(Try it) Go to the line holding "项目外立面选用低饱和度的橙色" in the data below and repeat it exactly, then each line after it up to and including the one holding "Niedliche Katze zu". Omit pictures.

(Provided records)
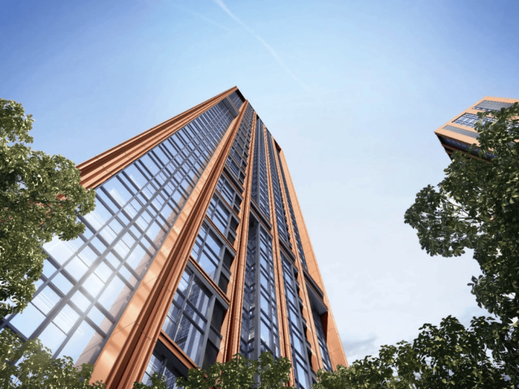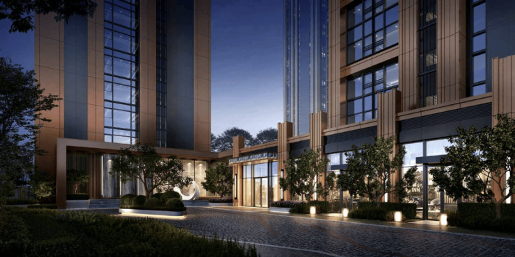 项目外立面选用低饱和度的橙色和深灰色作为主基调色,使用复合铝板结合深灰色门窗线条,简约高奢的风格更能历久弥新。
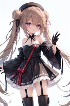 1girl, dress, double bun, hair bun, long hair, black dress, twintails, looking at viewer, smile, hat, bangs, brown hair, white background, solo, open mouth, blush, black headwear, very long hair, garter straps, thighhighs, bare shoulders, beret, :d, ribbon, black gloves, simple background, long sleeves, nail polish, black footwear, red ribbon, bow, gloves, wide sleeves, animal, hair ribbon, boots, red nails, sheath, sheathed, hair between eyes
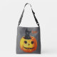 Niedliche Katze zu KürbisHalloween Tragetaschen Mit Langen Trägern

==

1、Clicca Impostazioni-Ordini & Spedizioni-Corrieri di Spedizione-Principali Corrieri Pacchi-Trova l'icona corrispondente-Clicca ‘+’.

(Result for this task)
 项目外立面选用低饱和度的橙色和深灰色作为主基调色,使用复合铝板结合深灰色门窗线条,简约高奢的风格更能历久弥新。
 1girl, dress, double bun, hair bun, long hair, black dress, twintails, looking at viewer, smile, hat, bangs, brown hair, white background, solo, open mouth, blush, black headwear, very long hair, garter straps, thighhighs, bare shoulders, beret, :d, ribbon, black gloves, simple background, long sleeves, nail polish, black footwear, red ribbon, bow, gloves, wide sleeves, animal, hair ribbon, boots, red nails, sheath, sheathed, hair between eyes
 Niedliche Katze zu KürbisHalloween Tragetaschen Mit Langen Trägern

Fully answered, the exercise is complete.